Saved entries
# # # # #

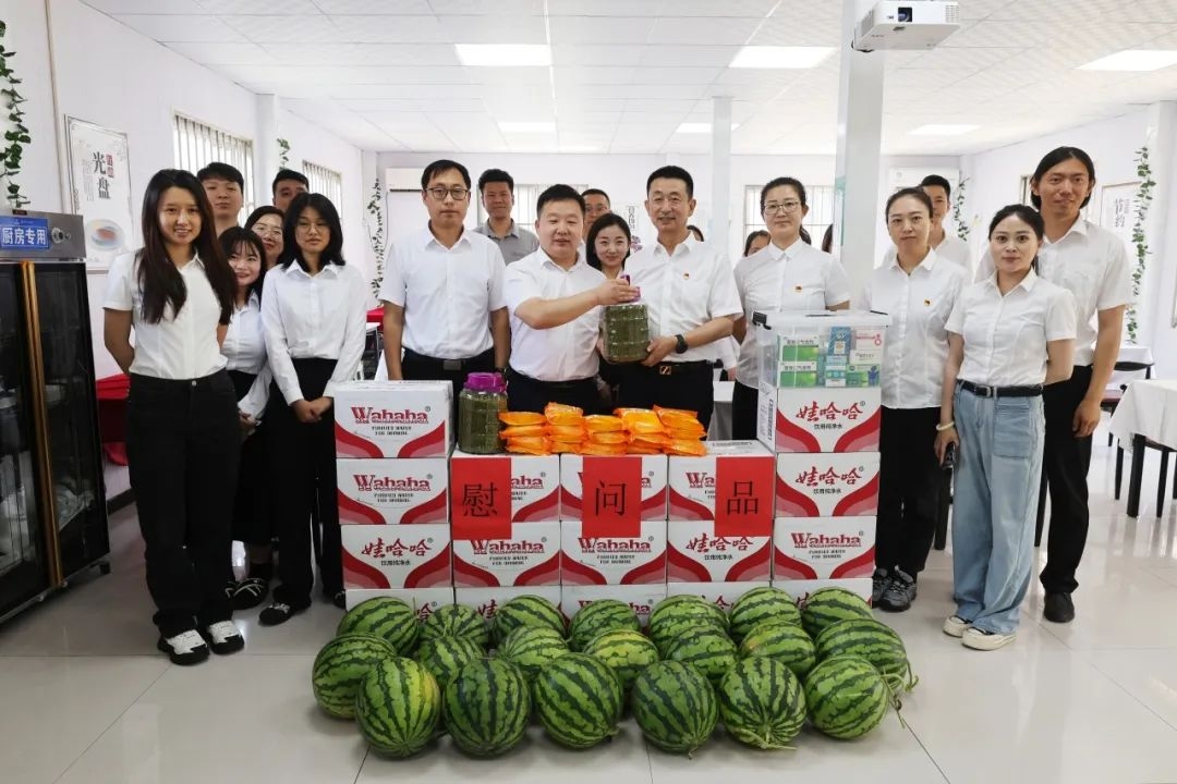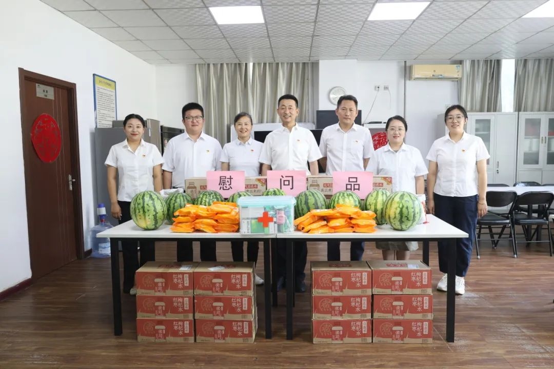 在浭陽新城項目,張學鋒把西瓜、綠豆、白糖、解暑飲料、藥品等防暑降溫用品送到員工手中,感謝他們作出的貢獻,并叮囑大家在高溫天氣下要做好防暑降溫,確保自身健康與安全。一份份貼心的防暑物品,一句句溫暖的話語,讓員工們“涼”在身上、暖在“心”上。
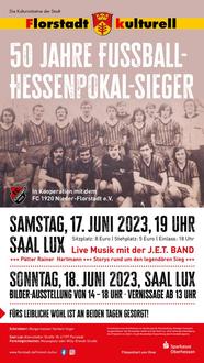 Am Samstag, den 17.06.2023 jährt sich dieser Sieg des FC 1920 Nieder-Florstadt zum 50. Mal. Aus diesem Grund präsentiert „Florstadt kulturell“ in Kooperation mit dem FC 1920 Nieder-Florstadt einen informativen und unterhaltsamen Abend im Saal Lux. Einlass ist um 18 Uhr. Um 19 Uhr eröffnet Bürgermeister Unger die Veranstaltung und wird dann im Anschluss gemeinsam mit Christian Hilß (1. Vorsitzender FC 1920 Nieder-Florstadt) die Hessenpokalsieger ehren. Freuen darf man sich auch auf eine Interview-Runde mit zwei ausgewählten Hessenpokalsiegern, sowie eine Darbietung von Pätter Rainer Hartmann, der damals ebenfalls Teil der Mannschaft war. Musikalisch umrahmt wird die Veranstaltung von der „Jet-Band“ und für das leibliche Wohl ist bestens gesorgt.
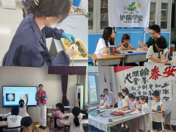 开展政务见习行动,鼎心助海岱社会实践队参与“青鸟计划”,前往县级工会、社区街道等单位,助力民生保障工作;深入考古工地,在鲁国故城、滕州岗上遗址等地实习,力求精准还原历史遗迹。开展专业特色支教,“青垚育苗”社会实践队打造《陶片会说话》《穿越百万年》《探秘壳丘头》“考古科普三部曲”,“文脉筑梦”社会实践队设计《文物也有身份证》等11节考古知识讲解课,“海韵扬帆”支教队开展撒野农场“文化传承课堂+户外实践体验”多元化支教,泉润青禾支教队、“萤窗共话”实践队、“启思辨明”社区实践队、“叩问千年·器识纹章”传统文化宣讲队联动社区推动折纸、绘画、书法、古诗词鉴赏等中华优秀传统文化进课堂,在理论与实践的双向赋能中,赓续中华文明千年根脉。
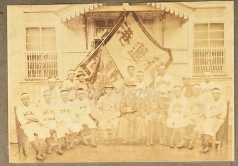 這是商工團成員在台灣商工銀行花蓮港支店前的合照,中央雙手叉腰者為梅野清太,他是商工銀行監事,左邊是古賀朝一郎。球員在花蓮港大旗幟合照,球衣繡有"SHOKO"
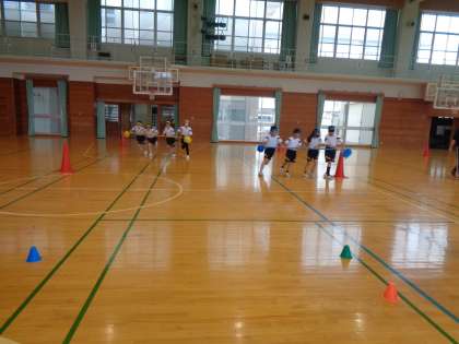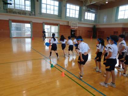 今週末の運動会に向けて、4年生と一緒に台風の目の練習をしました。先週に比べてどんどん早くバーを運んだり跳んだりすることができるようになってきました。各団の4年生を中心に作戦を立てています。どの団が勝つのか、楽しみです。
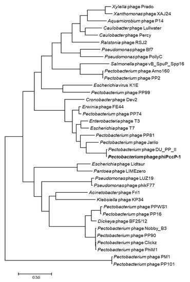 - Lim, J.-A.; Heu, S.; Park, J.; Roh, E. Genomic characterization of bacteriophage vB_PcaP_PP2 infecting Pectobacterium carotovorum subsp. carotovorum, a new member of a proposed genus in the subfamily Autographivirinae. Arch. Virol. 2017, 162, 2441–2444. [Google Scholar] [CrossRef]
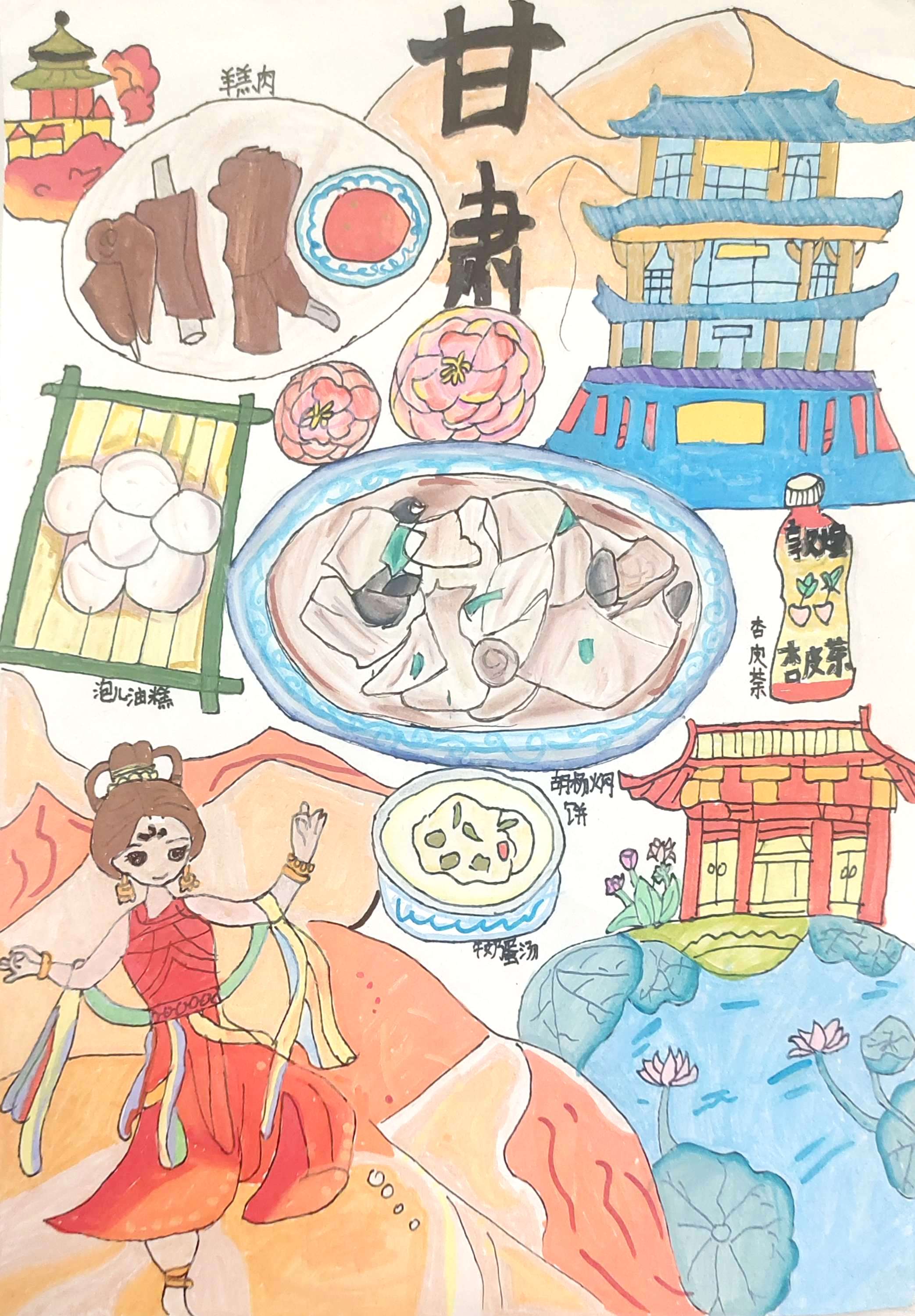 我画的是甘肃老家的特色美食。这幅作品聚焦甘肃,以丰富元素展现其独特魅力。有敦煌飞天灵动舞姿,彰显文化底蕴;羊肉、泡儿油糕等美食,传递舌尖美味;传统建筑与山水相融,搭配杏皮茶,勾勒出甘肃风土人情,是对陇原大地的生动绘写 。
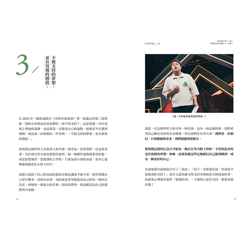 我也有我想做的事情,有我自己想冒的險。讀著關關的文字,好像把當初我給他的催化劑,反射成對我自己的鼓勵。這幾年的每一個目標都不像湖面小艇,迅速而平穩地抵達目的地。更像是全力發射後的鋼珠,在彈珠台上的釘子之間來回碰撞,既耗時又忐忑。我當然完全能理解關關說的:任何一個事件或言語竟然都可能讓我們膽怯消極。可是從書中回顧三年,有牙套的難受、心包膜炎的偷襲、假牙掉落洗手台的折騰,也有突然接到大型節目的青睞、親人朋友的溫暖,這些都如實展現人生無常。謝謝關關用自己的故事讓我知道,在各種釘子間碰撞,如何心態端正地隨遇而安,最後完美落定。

# # # # #

All lines from the start of the entries through the one with "Am Samstag, den" are to be output exactly; omit the pictures.

 在浭陽新城項目,張學鋒把西瓜、綠豆、白糖、解暑飲料、藥品等防暑降溫用品送到員工手中,感謝他們作出的貢獻,并叮囑大家在高溫天氣下要做好防暑降溫,確保自身健康與安全。一份份貼心的防暑物品,一句句溫暖的話語,讓員工們“涼”在身上、暖在“心”上。
 Am Samstag, den 17.06.2023 jährt sich dieser Sieg des FC 1920 Nieder-Florstadt zum 50. Mal. Aus diesem Grund präsentiert „Florstadt kulturell“ in Kooperation mit dem FC 1920 Nieder-Florstadt einen informativen und unterhaltsamen Abend im Saal Lux. Einlass ist um 18 Uhr. Um 19 Uhr eröffnet Bürgermeister Unger die Veranstaltung und wird dann im Anschluss gemeinsam mit Christian Hilß (1. Vorsitzender FC 1920 Nieder-Florstadt) die Hessenpokalsieger ehren. Freuen darf man sich auch auf eine Interview-Runde mit zwei ausgewählten Hessenpokalsiegern, sowie eine Darbietung von Pätter Rainer Hartmann, der damals ebenfalls Teil der Mannschaft war. Musikalisch umrahmt wird die Veranstaltung von der „Jet-Band“ und für das leibliche Wohl ist bestens gesorgt.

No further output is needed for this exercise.